Arsenal

Robin Van Persie Shuns Arsenal: What This Means for Arsene Wenger's Future

LONDON, ENGLAND - MAY 05:  Arsenal Manager Arsene Wenger instructs his team during the Barclays Premier League match between Arsenal and Norwich City at the Emirates Stadium on May 5, 2012 in London, England.  (Photo by Bryn Lennon/Getty Images)
Bryn Lennon/Getty Images
Nathan JudahCorrespondent IJuly 7, 2012

It's not been a good week for Arsenal Football Club—and the season doesn't start for another month!

While it remains uncertain whether Robin van Persie will leave now or see out his contract, he will no longer be a Gunner heading into 2013/14. The loss of a true icon will be hard to replace but the future of Arsene Wenger could now be the biggest problem of all.

In my opinion Wenger is one of the greatest managers not just in the EPL but world football itself. He has had countless opportunities to manage elsewhere but his loyalty to Arsenal remained refreshingly strong.

Many people's favourite second team are the Gunners—their style, tactics and investment in youth are very much out of the FC Barcelona mould.

Their refusal to pay over the market value for players is admired from afar as they continue to run a successful business.

However their strength is also their weakness and a failure to compete financially with the top clubs have already resulted in the departures of Samir Nasri and Gael Clichy—but the loss of van Persie will be a bitter pill for Wenger to swallow.

The Dutch striker was probably the last chance for fans to see a Champions League or EPL title in the next five years. That's not to say it's totally out of the question, but it's going to be extremely difficult.
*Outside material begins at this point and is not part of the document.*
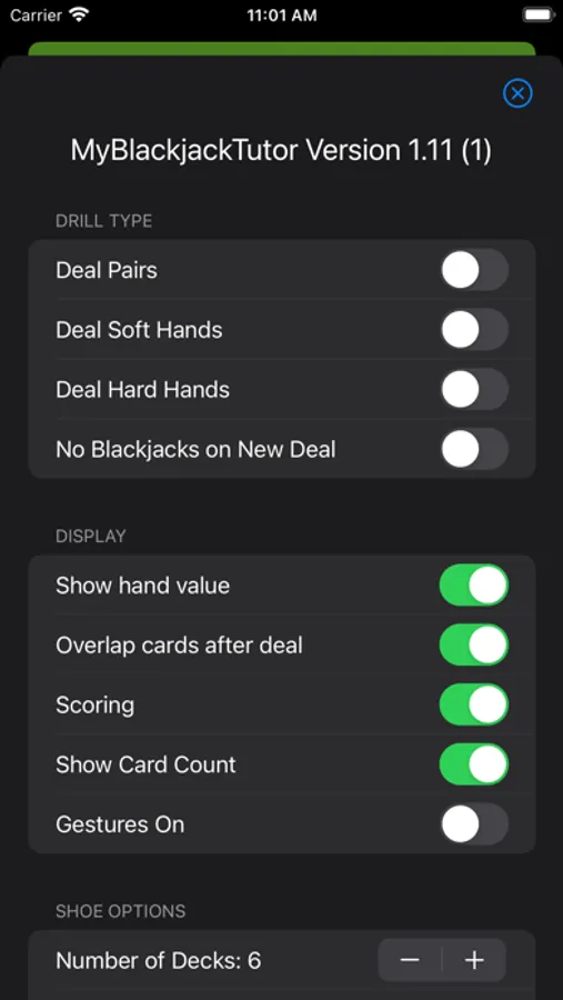 Play game with or without drilling. More drilling options, including pairs only, hard only, soft only, or any combination. Play against the dealer with full dealer play, using shoe with 1-8 decks and user-set shuffle point. Now includes unbalanced card count to allow you to practice and check your card counting skill. Includes tutorial videos to help you learn how to play Blackjack like a pro!

New signings Lukas Podolski and Olivier Giroud will take time to settle while the likes of Nicklas Bendtner, Gervinho and Marouane Chamakh aren't going to give defences too many sleepless nights.
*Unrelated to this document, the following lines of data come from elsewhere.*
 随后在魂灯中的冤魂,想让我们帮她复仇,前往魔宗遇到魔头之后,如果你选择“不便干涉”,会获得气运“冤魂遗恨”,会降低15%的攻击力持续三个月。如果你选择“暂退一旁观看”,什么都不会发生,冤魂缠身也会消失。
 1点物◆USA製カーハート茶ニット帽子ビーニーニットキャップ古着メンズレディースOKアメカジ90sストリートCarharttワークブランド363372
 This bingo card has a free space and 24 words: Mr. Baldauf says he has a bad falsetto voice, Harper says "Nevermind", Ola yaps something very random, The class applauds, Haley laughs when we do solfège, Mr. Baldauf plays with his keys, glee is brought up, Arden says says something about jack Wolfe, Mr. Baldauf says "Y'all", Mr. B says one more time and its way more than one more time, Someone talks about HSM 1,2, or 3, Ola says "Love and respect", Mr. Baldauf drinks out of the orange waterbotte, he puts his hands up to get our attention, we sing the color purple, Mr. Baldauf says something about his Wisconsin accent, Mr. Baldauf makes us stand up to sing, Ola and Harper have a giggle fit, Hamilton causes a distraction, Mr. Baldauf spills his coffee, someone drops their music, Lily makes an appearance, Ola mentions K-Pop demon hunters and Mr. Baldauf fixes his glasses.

For the first time in 14 years, Wenger faces not having an Arsenal icon to build the team around. Dennis Bergkamp, Ian Wright, Thierry Henry have all come and gone under the Wenger era—van Persie is the last.

So does Wenger continue to buy into the evolution theory? The work in progress? The bright future?

My thoughts are that van Persie's imminent departure will be a watershed moment for Wenger.

At 62 years old, he's won everything in the EPL except that elusive Champions League.

There would be many suitors for Wenger and if this season is to be his last, there could be plenty of opportunities that would be hard to refuse.

With Laurent Blanc no longer the national manager, the France job will be an obvious favourite.

Tito Vilanova's first season with Barcelona may be his last should the Catalans fail to compete domestically and in Europe. Wenger could well be in the running there, whilst there is always speculation surrounding Jose Mourinho despite signing a new contract with Real Madrid.

Might even Sir Alex stepping down result in a call from Lancashire? Never say never!

Although half of north London are in mourning, the biggest departure could still be yet to come.